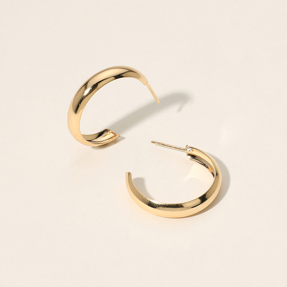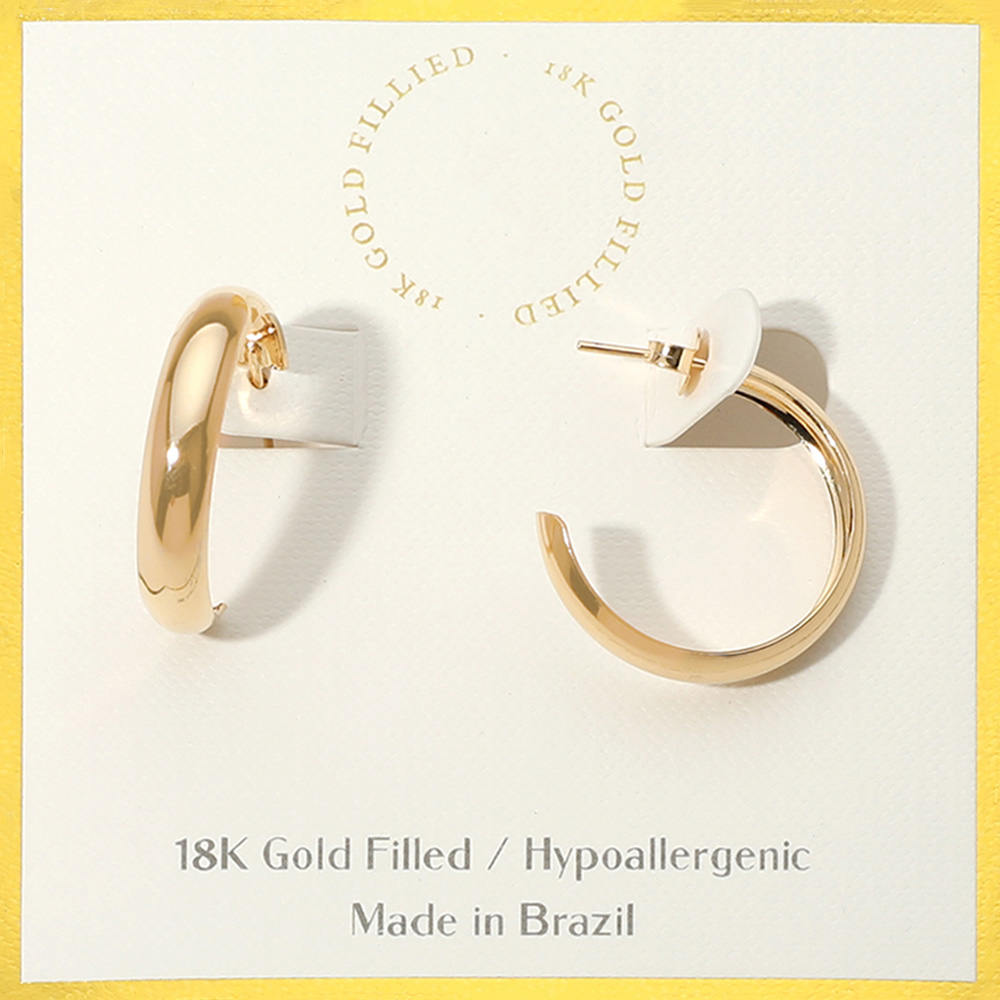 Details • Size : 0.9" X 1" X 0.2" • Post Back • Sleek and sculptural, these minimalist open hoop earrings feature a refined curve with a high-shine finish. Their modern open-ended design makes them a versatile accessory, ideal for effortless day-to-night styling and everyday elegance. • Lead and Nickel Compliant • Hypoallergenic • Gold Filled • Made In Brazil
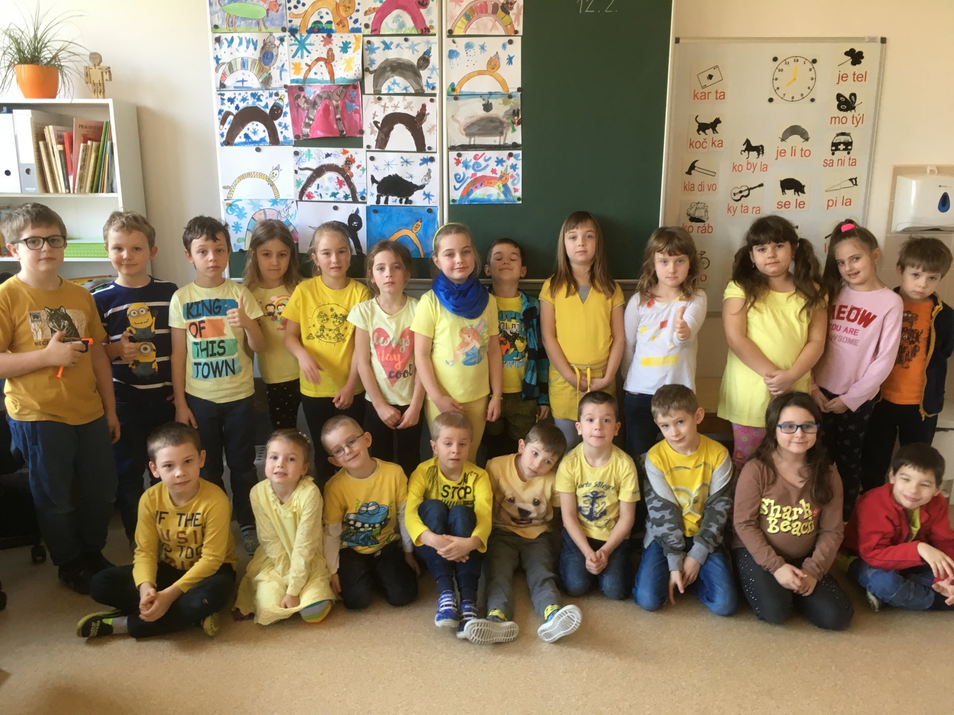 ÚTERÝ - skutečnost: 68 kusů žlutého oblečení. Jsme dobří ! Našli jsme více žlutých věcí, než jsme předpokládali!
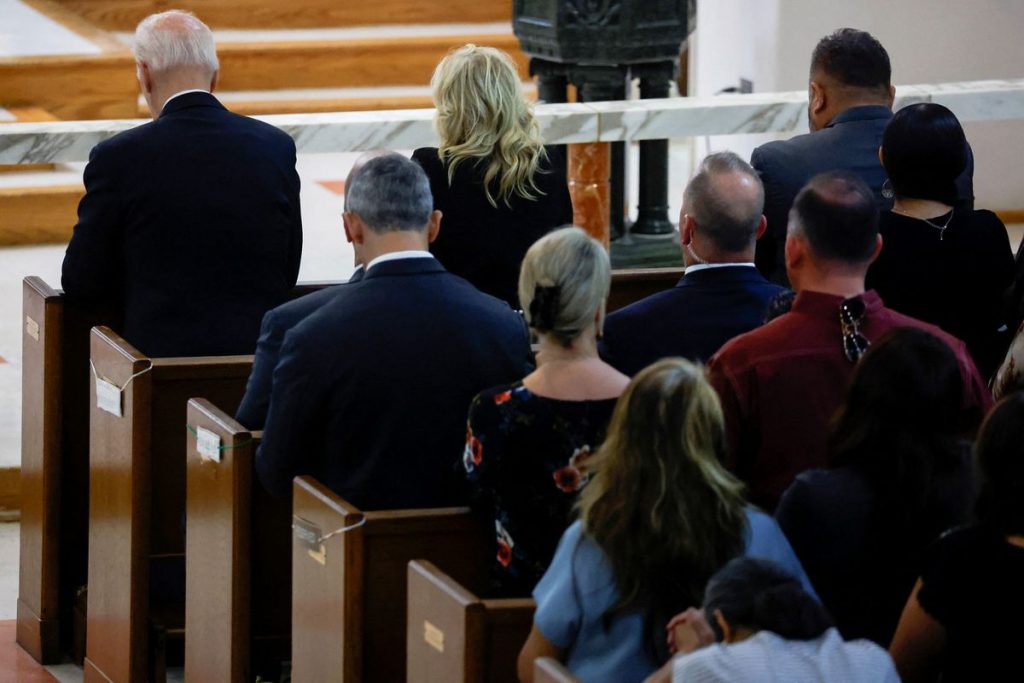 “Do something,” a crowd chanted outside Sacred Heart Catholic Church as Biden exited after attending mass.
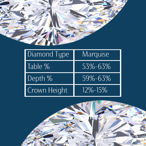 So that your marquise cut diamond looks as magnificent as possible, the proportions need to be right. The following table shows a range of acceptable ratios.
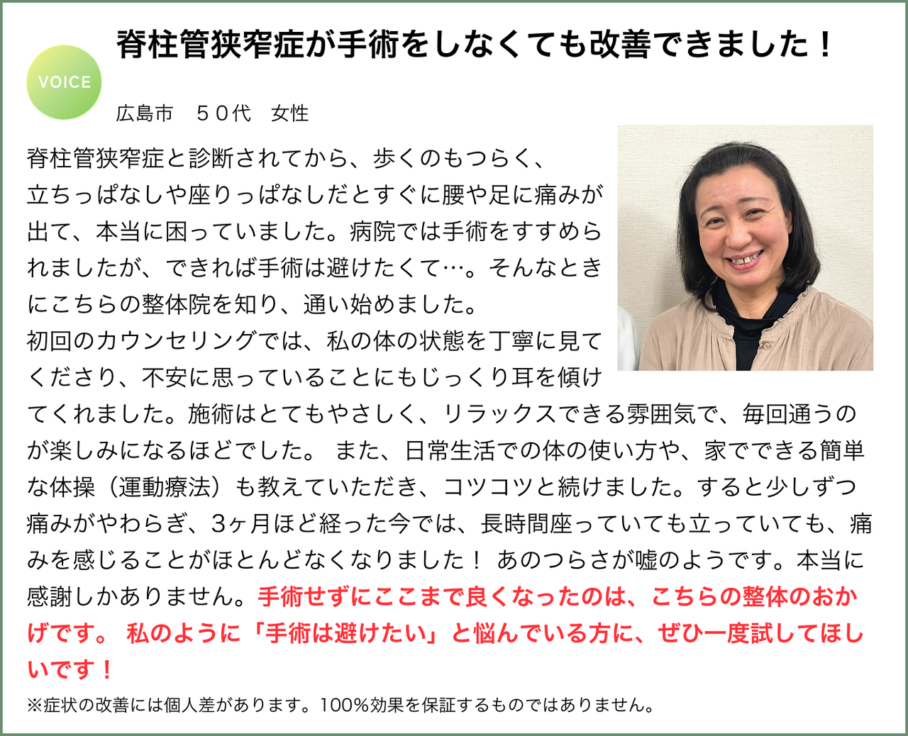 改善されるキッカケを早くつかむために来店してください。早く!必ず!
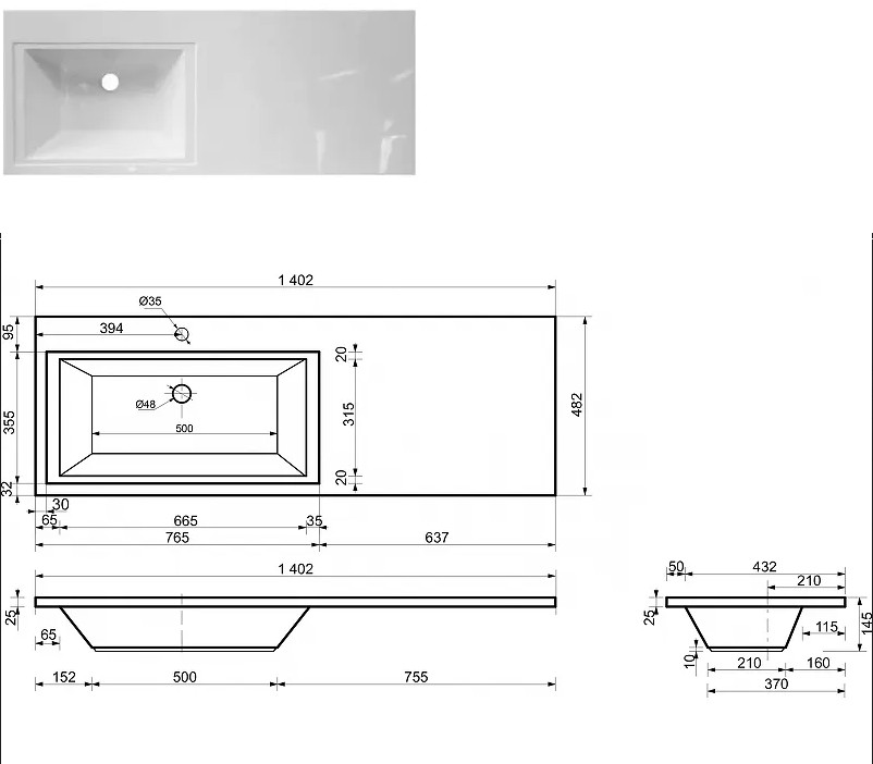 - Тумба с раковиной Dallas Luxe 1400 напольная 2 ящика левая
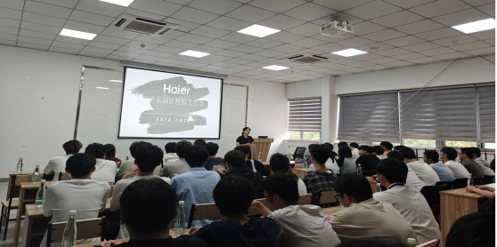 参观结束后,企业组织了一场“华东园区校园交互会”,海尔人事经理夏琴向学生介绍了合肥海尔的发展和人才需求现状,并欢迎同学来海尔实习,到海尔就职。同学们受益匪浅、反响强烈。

▶ [WHAT YOU NEED TO DO]:
An image-free, exact version of the listing above is required.

▶ [WRITTEN ANSWER]:
 Details • Size : 0.9" X 1" X 0.2" • Post Back • Sleek and sculptural, these minimalist open hoop earrings feature a refined curve with a high-shine finish. Their modern open-ended design makes them a versatile accessory, ideal for effortless day-to-night styling and everyday elegance. • Lead and Nickel Compliant • Hypoallergenic • Gold Filled • Made In Brazil
 ÚTERÝ - skutečnost: 68 kusů žlutého oblečení. Jsme dobří ! Našli jsme více žlutých věcí, než jsme předpokládali!
 “Do something,” a crowd chanted outside Sacred Heart Catholic Church as Biden exited after attending mass.
 So that your marquise cut diamond looks as magnificent as possible, the proportions need to be right. The following table shows a range of acceptable ratios.
 改善されるキッカケを早くつかむために来店してください。早く!必ず!
 - Тумба с раковиной Dallas Luxe 1400 напольная 2 ящика левая
 参观结束后,企业组织了一场“华东园区校园交互会”,海尔人事经理夏琴向学生介绍了合肥海尔的发展和人才需求现状,并欢迎同学来海尔实习,到海尔就职。同学们受益匪浅、反响强烈。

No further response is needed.